## DATA PROVIDED

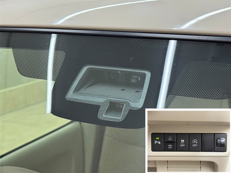 衝突被害軽減ブレーキに加え、ペダル踏み間違い急発進抑制装置等を搭載した「サポカーS」です。安全機能の詳細はスタッフまでおたずねください。機能を過信せず、必ずご自身で安全運転を行ってください。
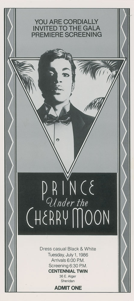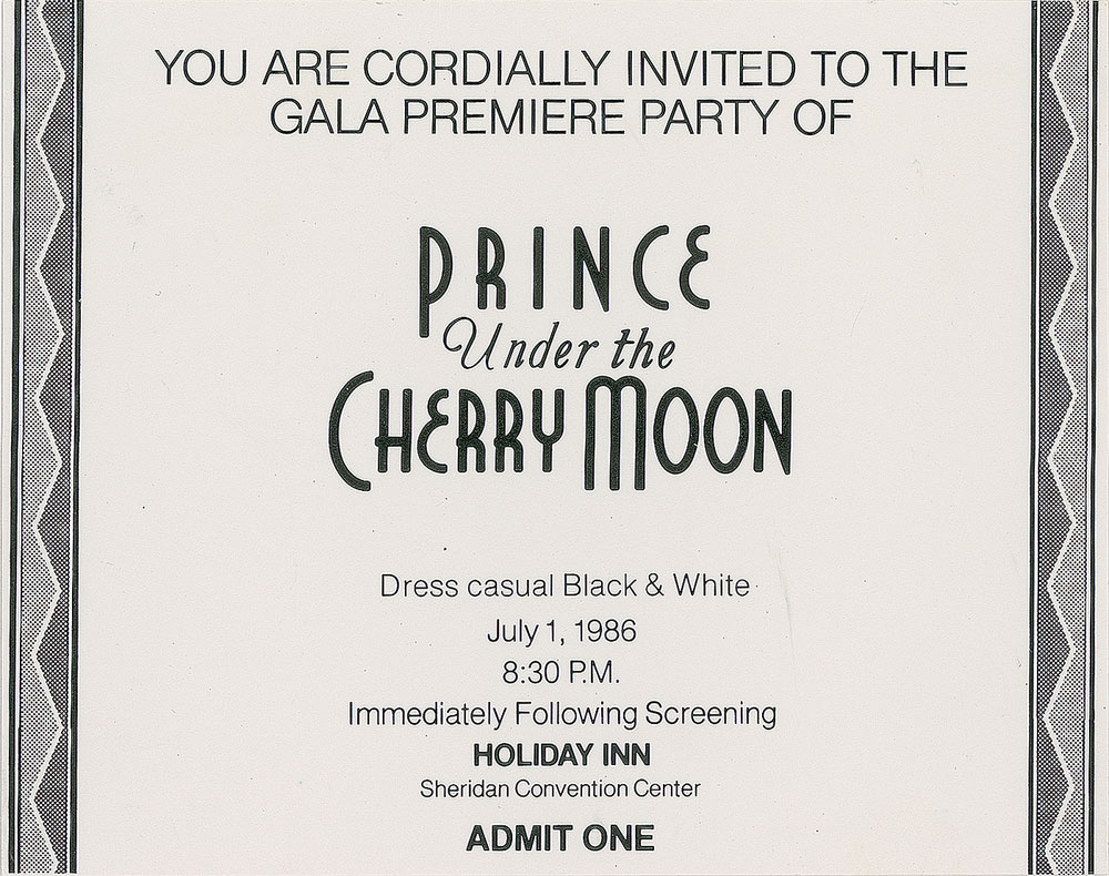 Two invitations related to the debut of Prince's 1986 film Under the Cherry Moon: an invitation to the "Gala Premiere Screening" of Prince's Under the Cherry Moon, 4 x 9, to be held at the Centennial Twin in Sheridan, Wyoming, on July 1, 1986; and an invitation to the "Gala Premiere Party of Prince, Under the Cherry Moon," to be held at the Sheridan Holiday Inn on July 1, 1986, immediately following the screening. In overall fine condition. From the collection of tour crew member Eileen Licitri and accompanied by a letter of provenance.
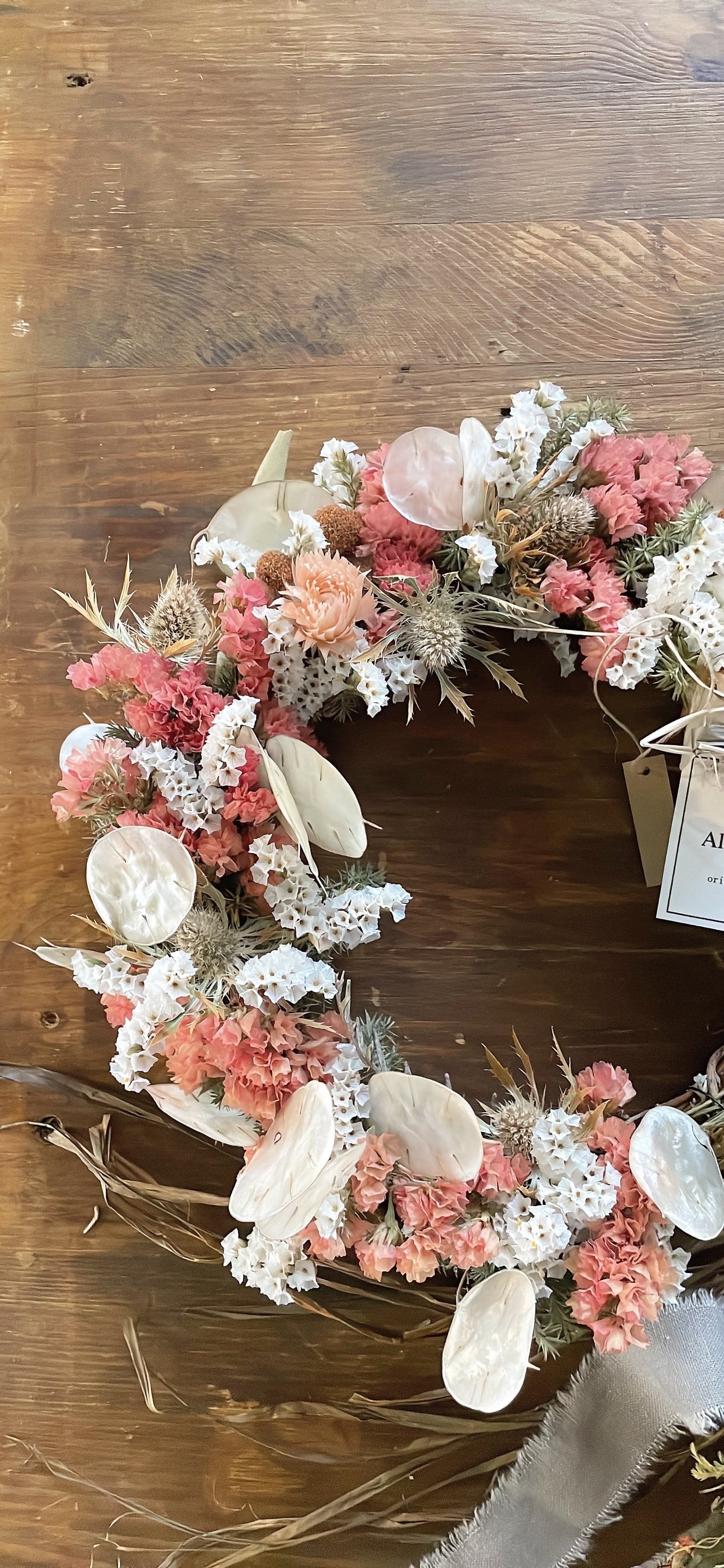 ■ オレンジのスターチスとルナリアのナチュラルリース

## DESCRIPTION OF THE TASK
Please repeat the listing above word for word, with the pictures removed.

## SOLUTION TO THE EXERCISE
 衝突被害軽減ブレーキに加え、ペダル踏み間違い急発進抑制装置等を搭載した「サポカーS」です。安全機能の詳細はスタッフまでおたずねください。機能を過信せず、必ずご自身で安全運転を行ってください。
 Two invitations related to the debut of Prince's 1986 film Under the Cherry Moon: an invitation to the "Gala Premiere Screening" of Prince's Under the Cherry Moon, 4 x 9, to be held at the Centennial Twin in Sheridan, Wyoming, on July 1, 1986; and an invitation to the "Gala Premiere Party of Prince, Under the Cherry Moon," to be held at the Sheridan Holiday Inn on July 1, 1986, immediately following the screening. In overall fine condition. From the collection of tour crew member Eileen Licitri and accompanied by a letter of provenance.
 ■ オレンジのスターチスとルナリアのナチュラルリース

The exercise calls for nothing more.